Chow, Baby: Wednesday, September 26, 2002
A Forkfelt Tribute

Obeying the principles that rituals entail food and food entails desserts, Chow, Baby chose to observe the anniversary of 9/11 by eating cheesecake all day long. This decision was equal parts logic, love of cheesecake, and a wish to honor one of Chow, Baby’s late pals, a pastry chef at the World Trade Center’s Windows on the World restaurant who picked the wrong day to go to work early.

At Randall’s Gourmet Cheesecake in downtown Fort Worth, Chow, Baby was greeted by a sweaty guy in shorts (sob — René had hairy legs, too) who led the way into a dark, soothing cave filled with Ray Charles-style soulful blues. Chow, Baby’s pre-cheesecake stomach coating of chicken tarragon ($8.95) was marvelous: chunks of breast meat tossed in a not-too-mayonnaisey dressing with oodles of fresh herbs and sliced almonds, served with not-enough marinated tomato salad but plenty of fresh hot bread.
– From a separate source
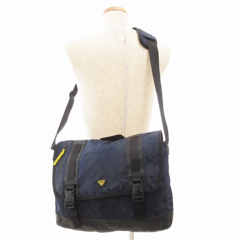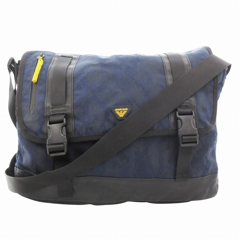アルマーニ ジーンズ ARMANI JEANS メッセンジャーバッグ ショルダー 斜め掛け ロゴ デジカモ柄 ナイロン 紺 ネイビー /GV
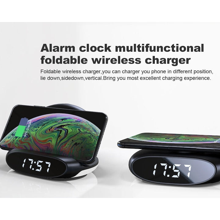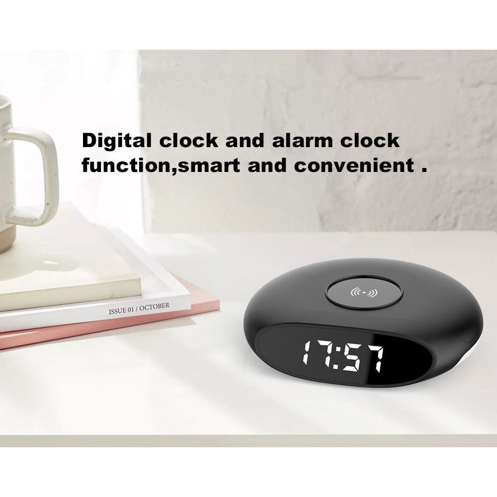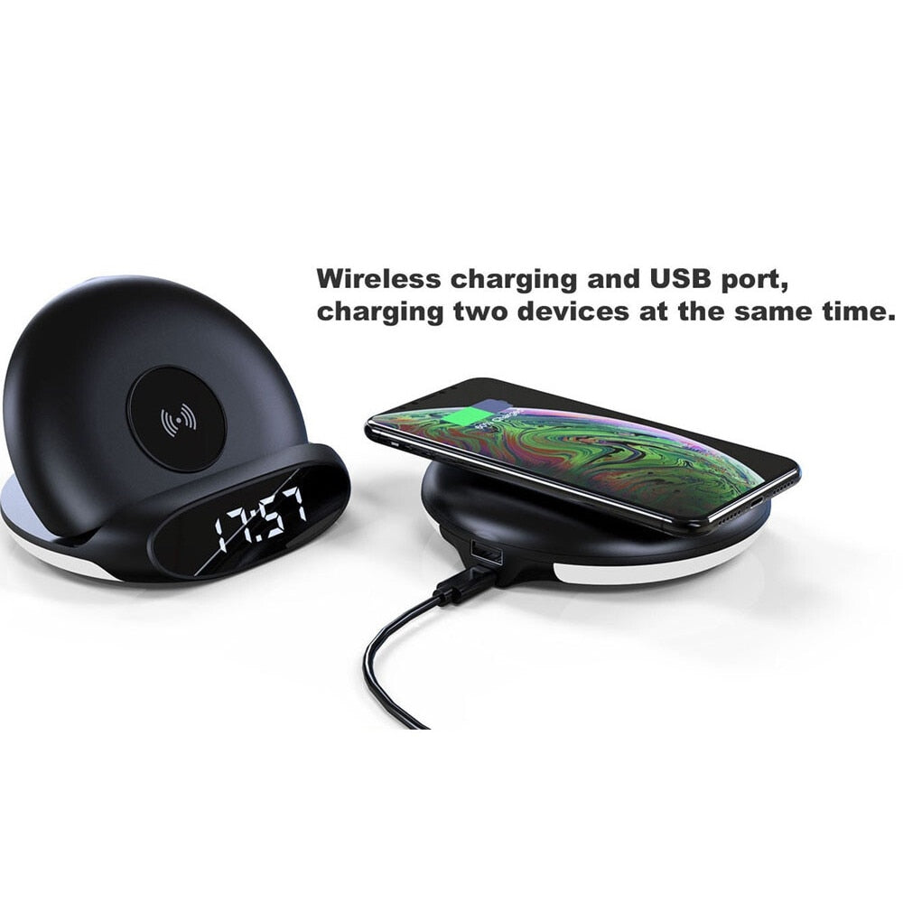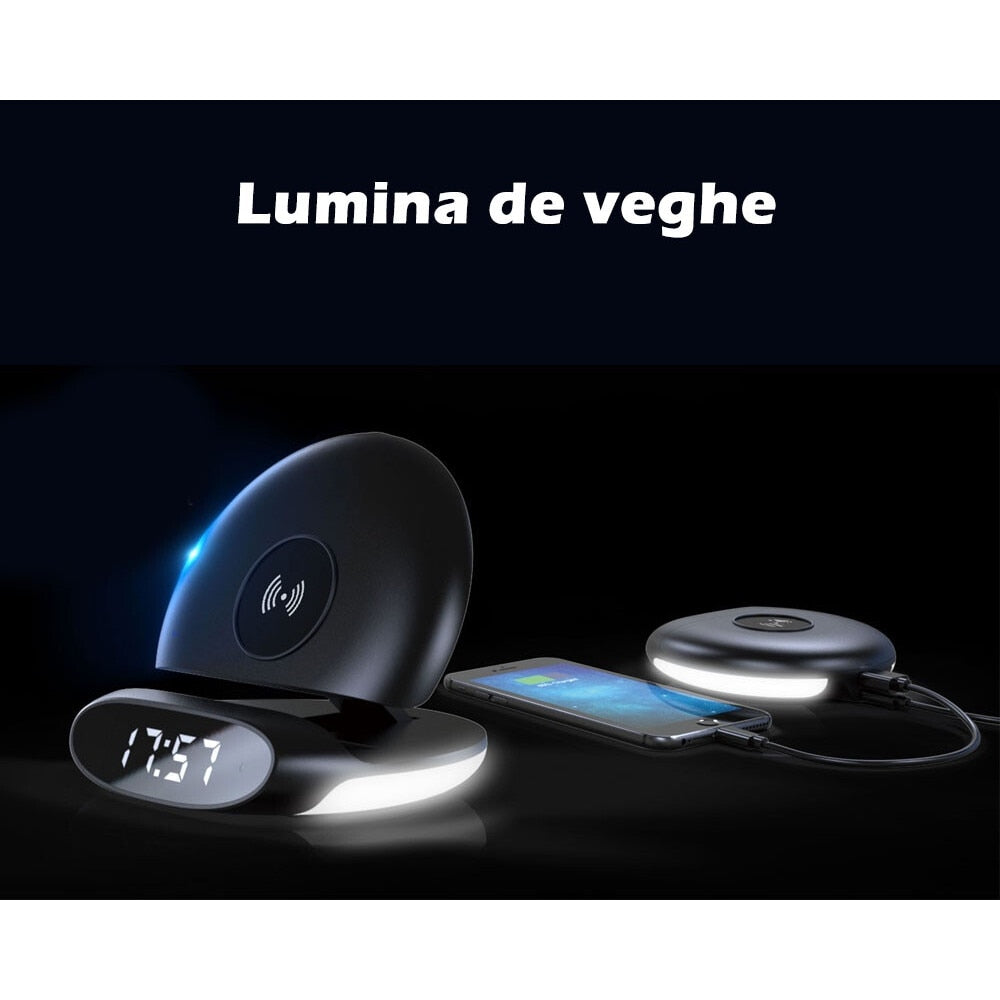 Incarcator wireless birou Loowoko L-AC-015 Pro, 10W, stand/culcat, port USB, ceas, lumina de veghe, touch, Negru

Extra salad can be ordered for $3, but Chow, Baby was ready to move on to the main event: raising a dessert fork to the dead.

Perfect Waiter (gracious but not phony-friendly) pretended not to notice Chow, Baby’s tears as he delivered slice after $5 slice of creamy, rich sweetness: amaretto-infused, then blueberry-topped, then walnut-raspberry-filled. “What else you got?” hurried Chow, Baby, growing nauseated at the sight of sweaty hairy guy quad-stretching in such a way that things could fall out, à la the gym teacher in Scary Movie. But Chow, Baby can put up with overdone beefcake when the cheesecake is nearly as good as René’s was. (Sob.) Another slice, please.

Incredible, Edible

After its monthly East Lancaster drive-by to see if Pho 747 is open for business yet (nope), Chow, Baby took a random left turn to wind through the pretty streets of Meadowbrook. Suddenly, like a WB ad, here’s four quirkily attractive teenagers strolling down the street carrying little boxes. Band candy! Natch, Chow, Baby began digging for its wallet.

But as the kids came near, their packages focused into cartons of eggs. The spokesmodel explained that they were collecting money for their school, a go-go-Gospel academy near Tyler, and asked if it would be worth anything to Chow, Baby to watch them smash eggs on one another. Chow, Baby allowed as how this would be worth a great deal of money indeed. Emptying its wallet into the future missionaries’ hands, Chow, Baby joined in the albumin baptism.

So here’s Nicole, Anna, Nathan, Brandi, and Chow, Baby, standing in the middle of Scenery Hill Road smashing eggs on each other’s heads. Handfuls of gooey stuff, cute teenagers squirming — Chow, Baby could think of only one thing: French toast. Slightly sticky, Chow, Baby zoomed over to the homestylicious Paris Coffee Shop at W. Magnolia and Hemphill. If anybody makes a better egg-drenched Texas toast and nice crispy bacon ($4) served by warmly devoted waitresses, Chow, Baby wants to hear about it. If anybody makes a better egg custard pie ($2.25), Chow, Baby will be surprised. Eggs: They’re God’s gift.